On Sunday October 2nd, 2011 the Tibetan Association of Boston (TAB) and Tibet supporters participated in the 6th annual Honk Festival parade from Davis Square to Harvard Square, Cambridge MA in collaboration with Amnesty International.

Last year, TAB and Amnesty International had collaborated and participated in the 5th annual Honk Festival.

The Honk Festival was established six years ago after a growing need of creative street bands to assemble and celebrate their social activism. Today, HONK and its street-wise music have become the agent of change and a calling for people to join the movement.

Rights groups like Amnesty International have highlighted the case of Aung San Suu Kyi and Dhondup Wangchen in previous years during the Honk Festival.

Along with many diverse bands from all over the country and abroad, TAB community members and supporters marched in this year’s HONK Festival parade, celebrating Tibetan culture and highlighting the ‘Tibetan Nomad Rights’ campaign.

Children handed out flyers and got the public to sign petitions demanding the release the XIthe Panchen Lama and other political prisoners. The Tibetan marchers, like last year, were greeted with cheers, claps and shouts of “Free Tibet”.

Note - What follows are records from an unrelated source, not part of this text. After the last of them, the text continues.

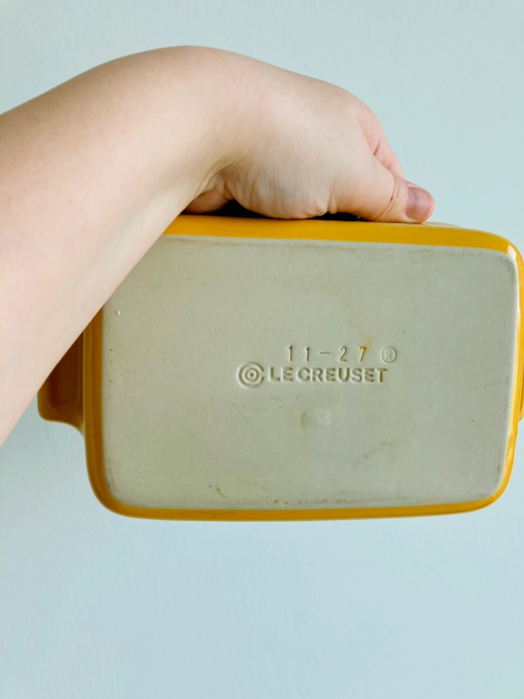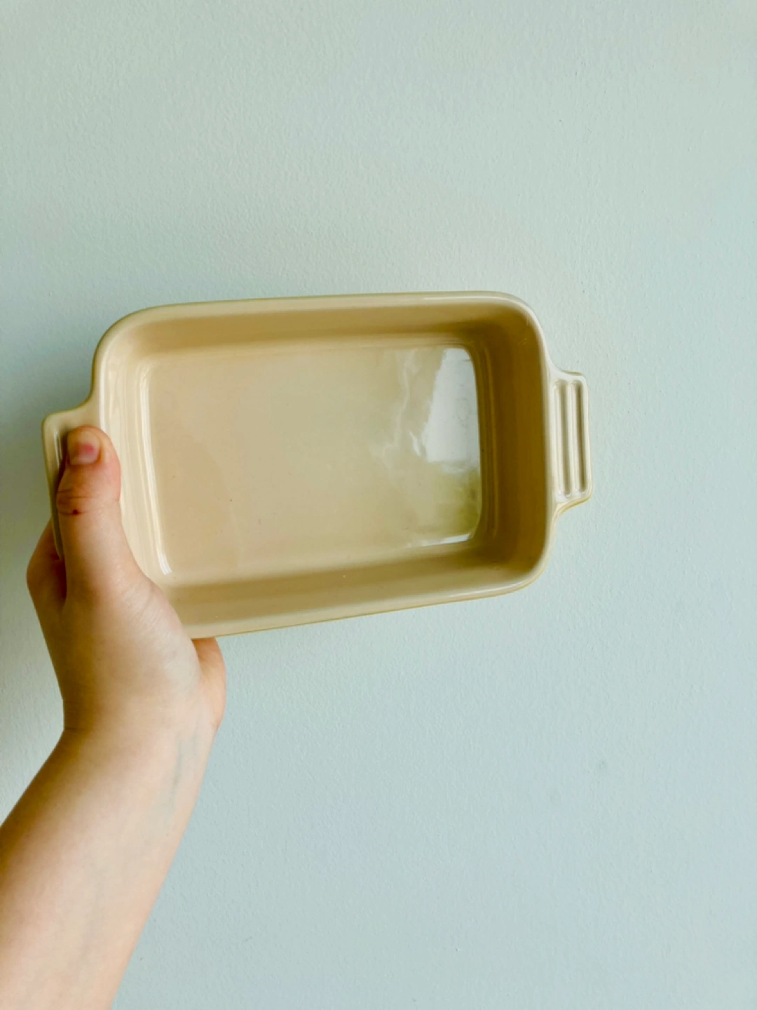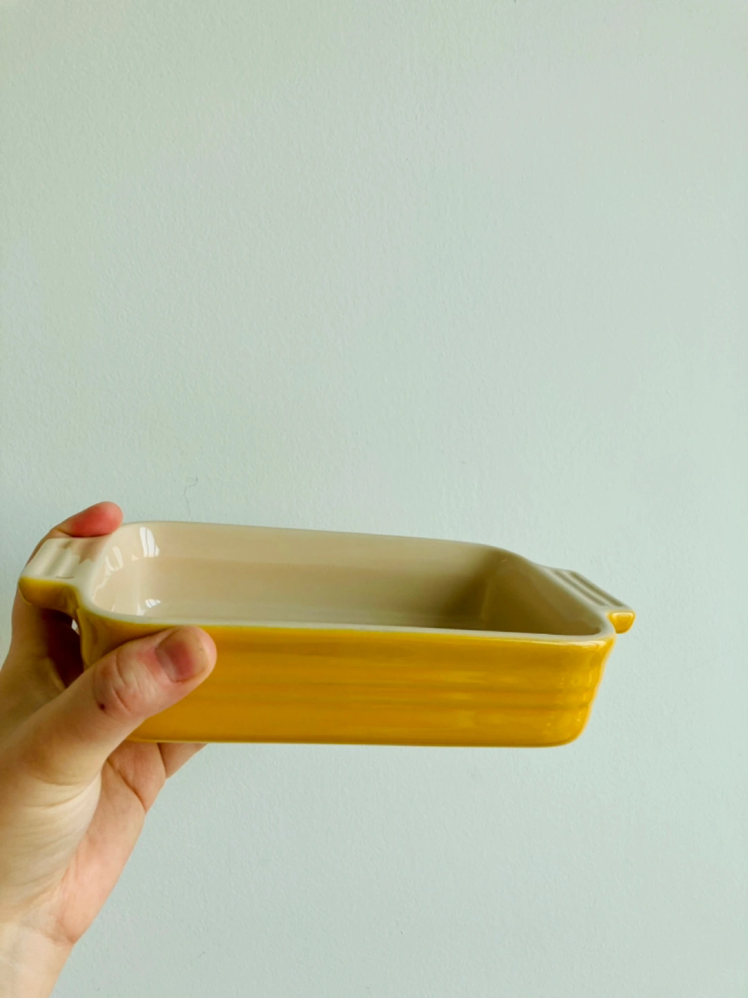 Yellow 16 oz casserole/baker with a yellow exterior and off white interior. Stoneware. Measures 7" in length( 8.75 with handles), 5" wide x 1.5" high, In Excellent condition.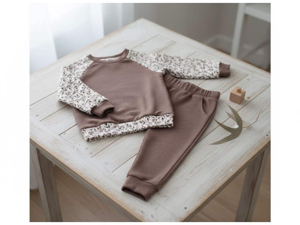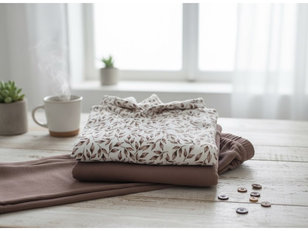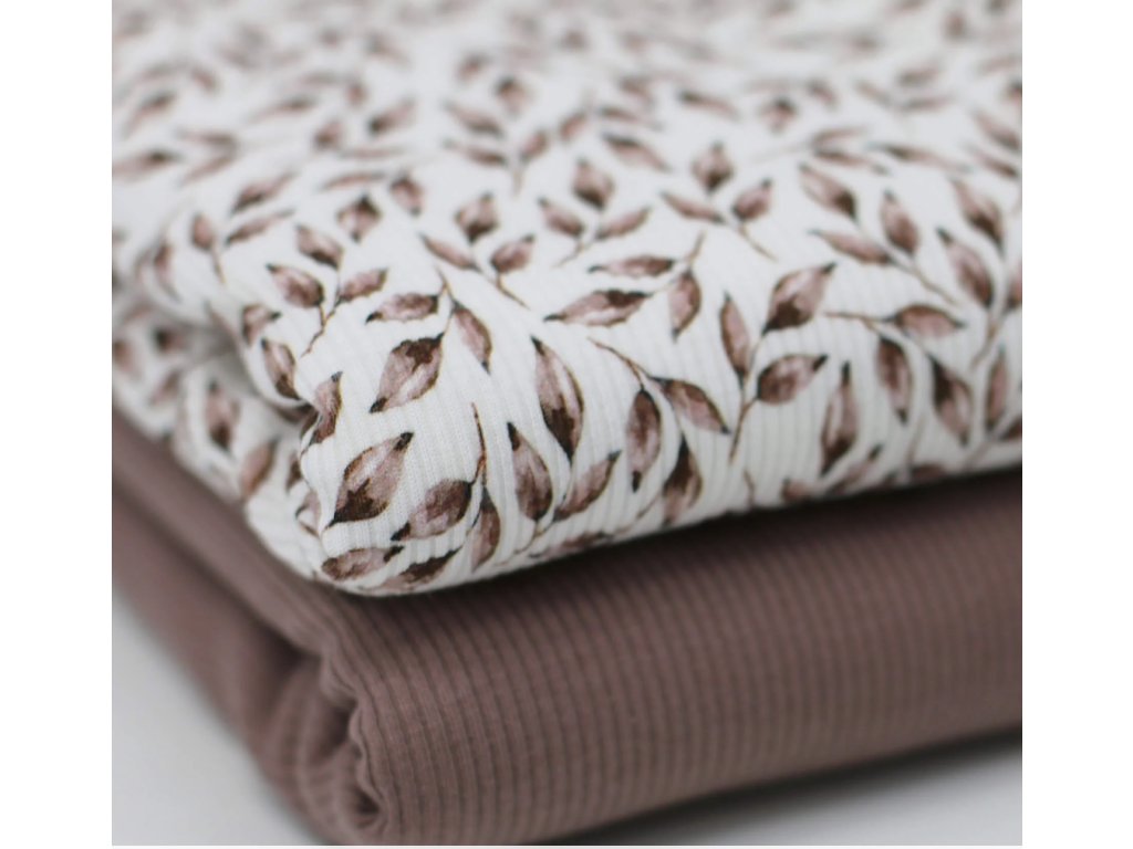 Jemný žebrovaný úplet s motivem lístků v mauve odstínech přináší do vašich šicích projektů eleganci a přírodní kouzlo. Materiál je pružný, měkký a pohodlný na nošení – ideální pro trička, šaty, legínky i dětské kousky.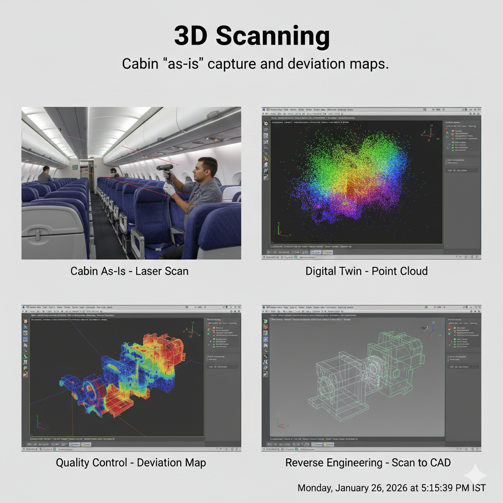 Cabin “as-is” capture and deviation maps.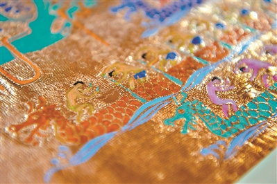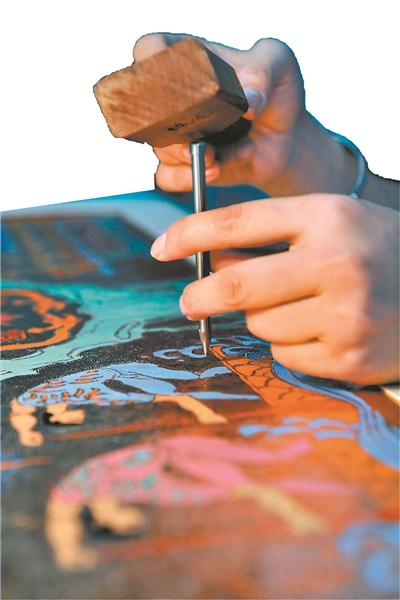 铜箔又是如何与剪纸联系上的呢?梁诗裕表示,由于剪纸的特殊性和基础性,当时佛山发达手工艺无论是陶瓷、秋色、灯色、炮仗、刺绣、铸造等都要与剪纸挂钩,陶瓷图案、灯色的图案、铸造的花纹等都需要剪纸图案的串联。因而剪纸成为当时佛山的手工艺里发达的行当。而后人们的审美发生了变化,人们发现剪纸作品不像铜箔一样有金属光泽。于是大家尝试在铜箔上凿一些小点,通过点来呈现线,通过线来展示图案造型,然后在造型上涂上颜色,一种新的艺术品种便诞生了。这个时候剪纸就与铜箔联系上了,“这个时期,剪纸艺人基本上都掌握着佛山铜凿剪纸这门技艺。”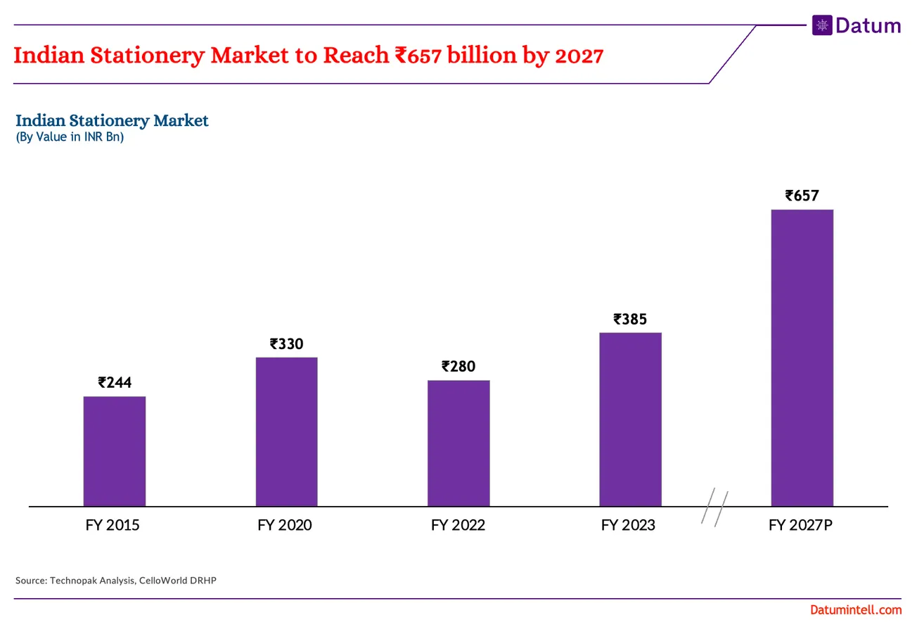 The Indian stationery market has been a beacon of resilience in the face of challenges, showcasing consistent growth over the years. From a market value of INR 244 billion in Fy2015, the market soared to INR 330 billion in FY 2020, registering a commendable CAGR of 6%. However, the onset of the COVID-19 pandemic in FY 2021 brought a temporary halt to this growth trajectory as schools, colleges, and offices shifted to online modes of operation, leading to a substantial sales dip.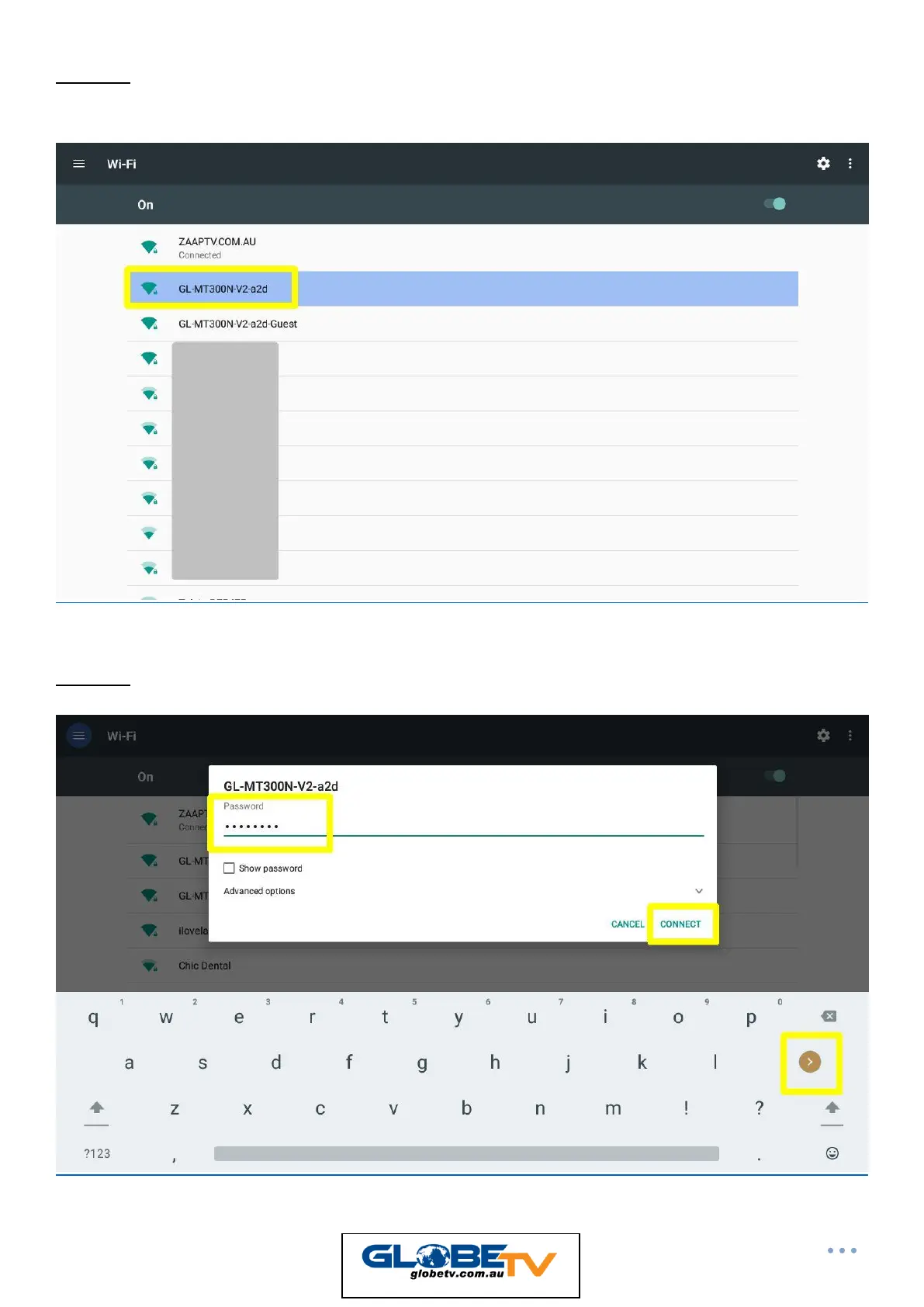 STEP 3: Select Wi-Fi and choose the name of your Wi-Fi. Press OK and enter the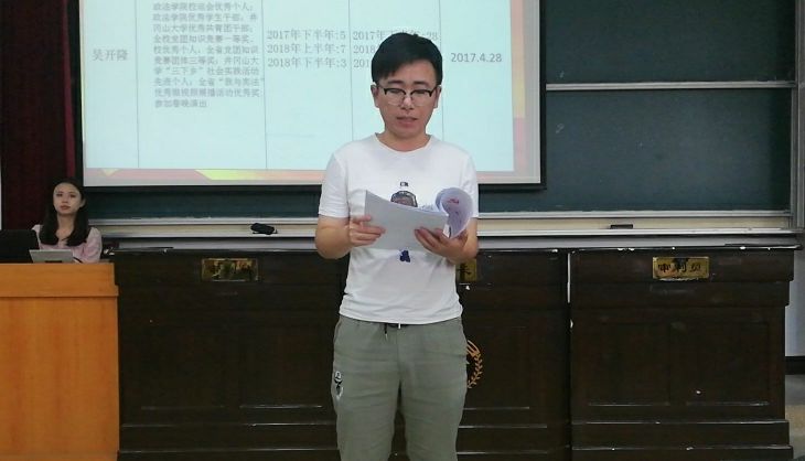 2019年6月6日下午2时30分,政法学院学生第二党支部预备党员接收大会在5栋408教室顺利召开,政法学院学生第二党支部书记肖文海出席,支部党员,预备党员,入党积极分子到场参与。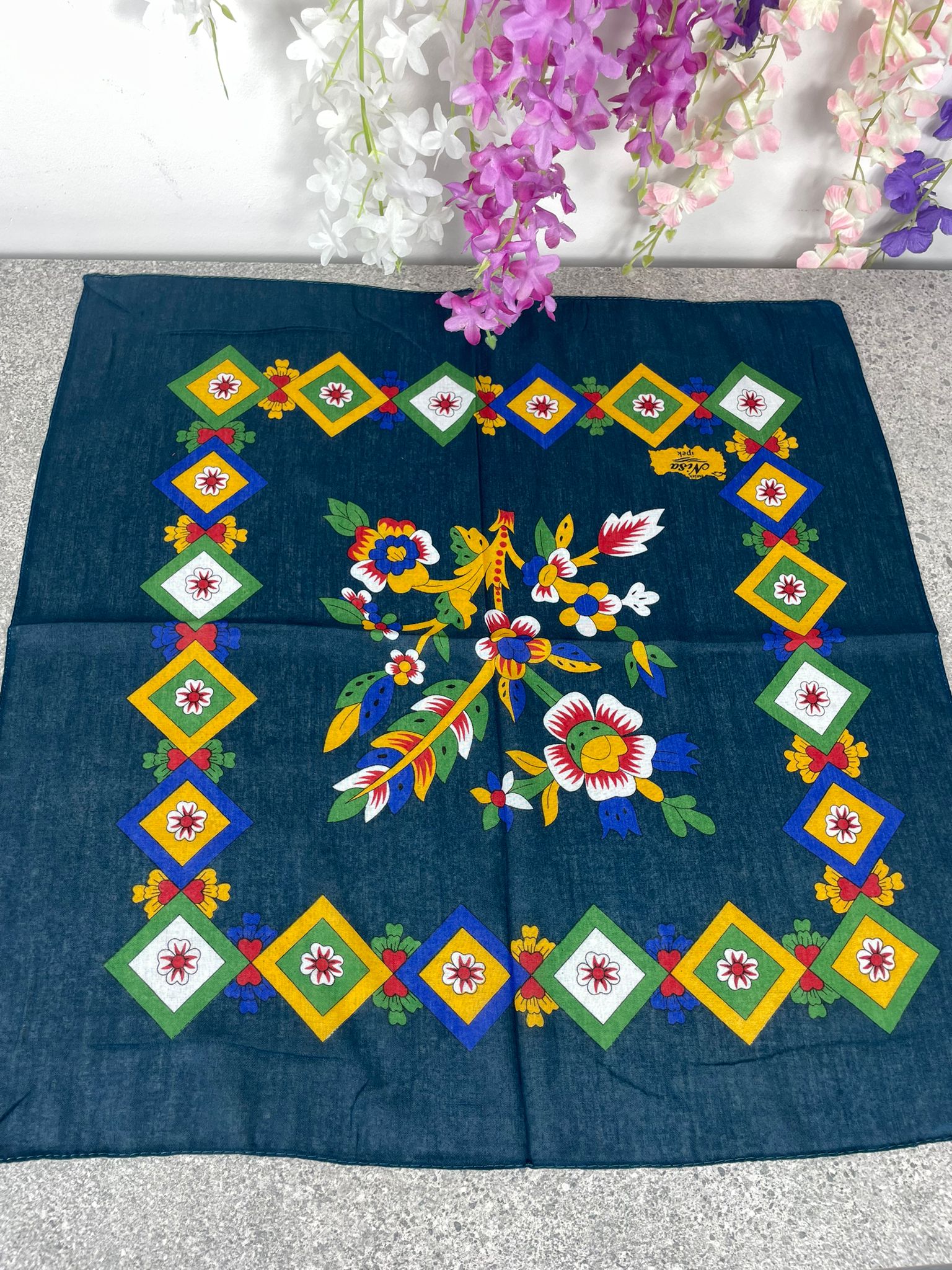 Petrol Mavisi Çengelköy Desen Bandana – 55×55 cm

Today, the Chinese government is forcibly displacing Tibetan Nomads from the grasslands and resettling them into ghetto-style housing blocks in the name of environmental preservation and economic development. This is leading to myriad social, economic, and environmental issues that TAB highlighted during the Honk Parade.

Tibetans and supporters marched the parade with their traditional clothing and a big banner stating – “China: Stop Forcing Tibetan Nomads off their Land.”

Parents from TAB’s Sunday School program also joined the parade while children performed Tashi Shoelpa dance. Dancers also performed Yak Dance, drawing attention from passersby and the thousands who participated in the parade from Davis to Harvard Square.

Seeing colourful Tibetan flags with a huge banner of Nomad Rights in the midst of the crowd in Harvard Square was not only beautiful but also inspiring.